I had a glimmer of an idea as to how, and I’d practiced a bit, but I was evasive all the same.

“I could say you’ve just answered your own question,” I said.

“You could, but will you?” he asked, smiling a bit.

“No,” I said.  “I’ll just ask why, if you profess to know what I am, and you know how to contrive to bind me, you don’t know anything about this part of how the mirror realm works.”

“I think I know,” Rose said.  “Don’t worry about it, Blake.  Solitude aside, how are you?”

“He’s falling apart, he says,” Ty commented.

“Stress,” I commented, “Being isolated from those things that make me me.”

“You’ll have to deal,” she said.  “Crepes for breakfast, Ty?”

“We have fruit?”

“I bought stuff on the way back from the late meeting yesterday.”

“Cool,” he said.  He stood and stretched.

“Can I get a recap on the conversation thus far with Blake?”

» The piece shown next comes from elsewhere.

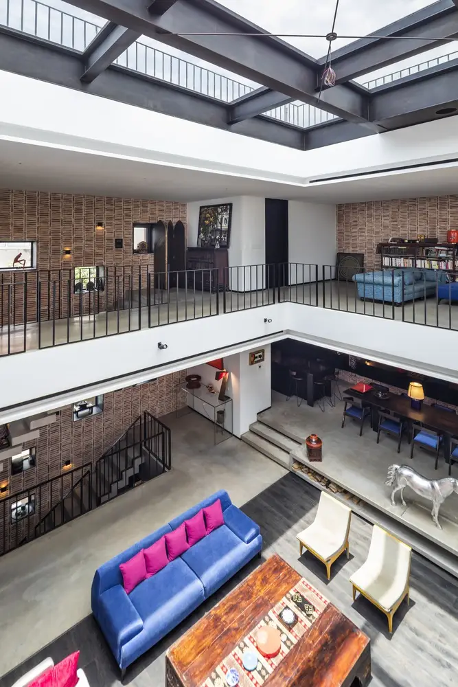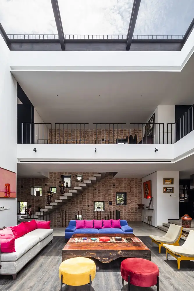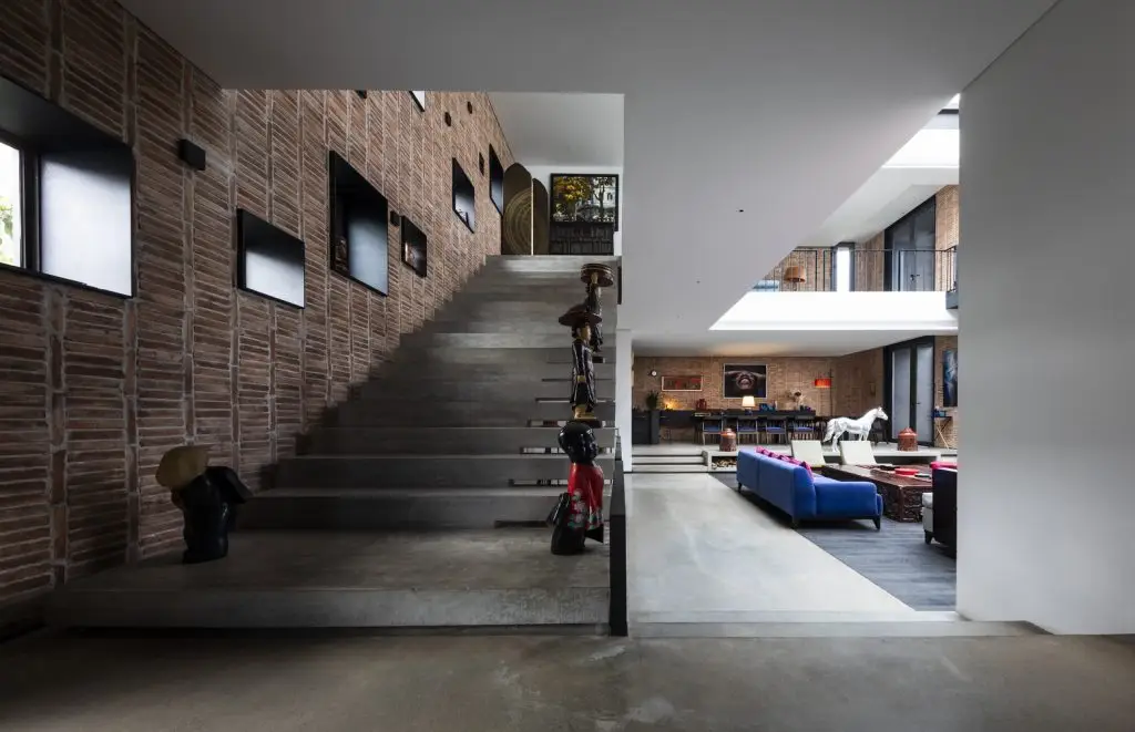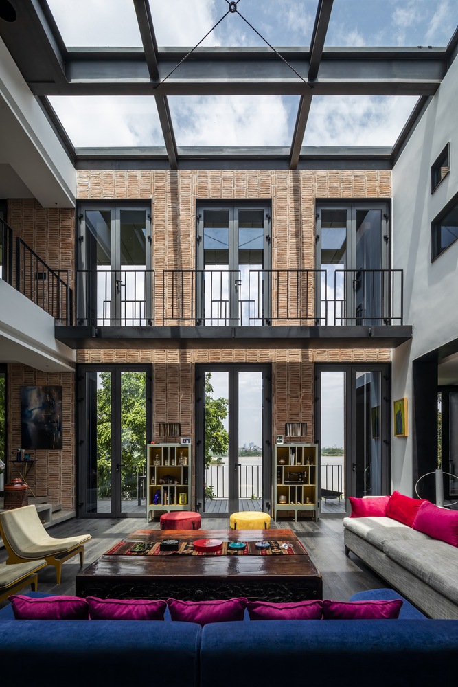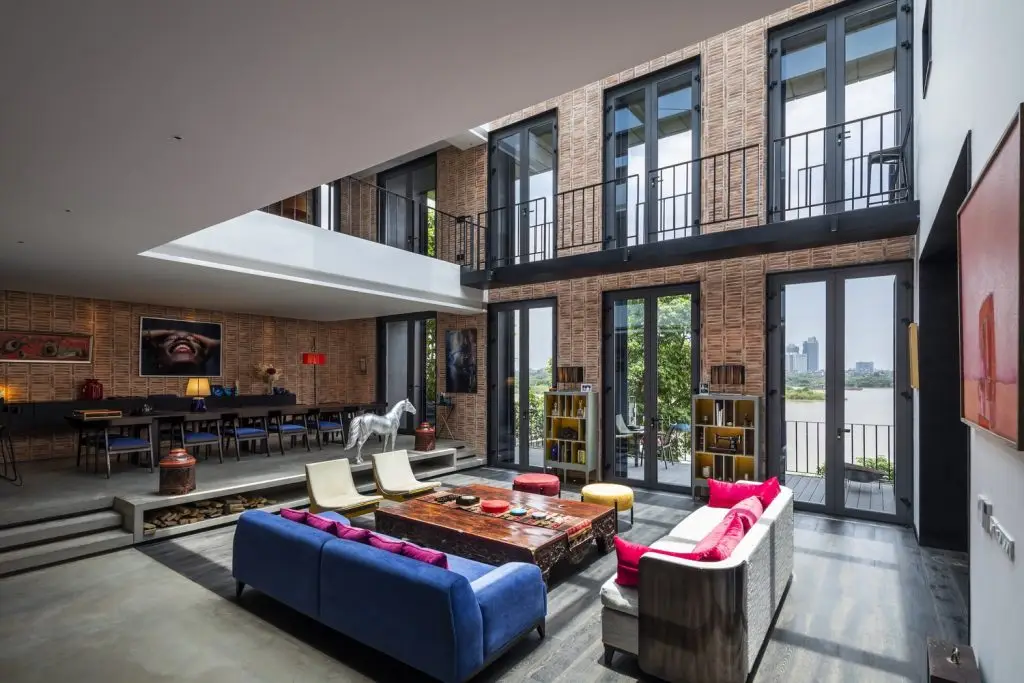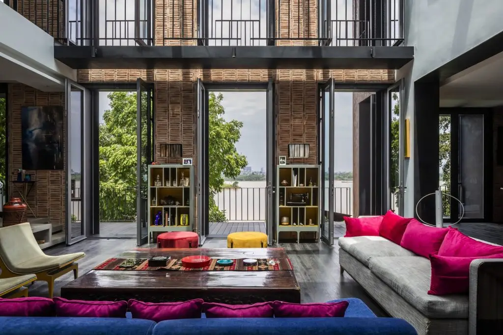 Rải rác khắp các phòng ở tầng 1 là những vật trang trí nghệ thuật. Nội thất với điểm nhấn đầy màu sắc làm cho không gian trở nên sống động và cuốn hút. Khoảng không gian trống từ tầng 1 đến tầng 2 và tầm nhìn tuyệt đẹp ra bờ sông mang lại cảm giác rộng rãi và khoáng đạt.

“You’re doing that paranoid overlord thing again,” he said.

“For my peace of mind,” she said.  “Please.”

“Yeah,” he said.

I closed my eyes.

I’d trained for it, in the course of interacting with Lefty.  Shifting the focus of my awareness.  Letting other things wash over and around me.

The trick, however, was to avoid interfering with the circle.  That would be a nightmare.

I did what I could to make it so I didn’t have any influence or impact on this mirror world, except to devote my focus to the circle, pushing against it.

My presence pushed other influences out of the mirror world.  I imagined, as the effect went, it avoided realities like Ty carrying a book across the room, and dragging it through my midsection.  For a vestige, if I was a vestige, simple interference like that was dangerous.

There was something of a melancholy feeling in my chest as I opened my eyes.  The knowledge that Rose hadn’t been able to pick this up, it pointed to the simple fact that she was real and I wasn’t.

This was my realm, not hers.

The cards, the two books, and the stacks of coins sat around me on the floor.

As quickly and quietly as I was able, I moved them all behind me.

“Breakfast,” Rose said.  “Blake, I’d offer you something in the way of spiritual sustenance, but I think it’s too dangerous.  Try keeping your activity level low.”

I clenched my fists.  “Gee, I’ll keep that in mind.”

“Give this a week or two to blow over, and we’ll see what we can do with you.”

“You sound like them, you know,” I said.


“Sandra, and Laird,” I said.

“Which reminds me of Laird,” she commented.  “I’m putting a bogeyman in the room to watch over you.  It worked with him.”

“Don’t be stupid about all this,” I said.  “Come back, talk to me.  Get info from me.  If you’re going to risk them, risk the city with this damn dead man’s switch, do it smart, do it informed.”

“Yeah,” she said.

I heard a violent rustling, followed by heavy footsteps.  Not in my field of view.

“Break the mirror if he does anything untoward,” she said.  “Don’t communicate with him.”

She shut the door behind her.

I found a seat, and carefully moved all my coins to the side, at the edge of the mirror’s field of view, so only someone standing at a strange angle could see them.  The books and cards joined them.

I felt confident now.  I’d find my way out.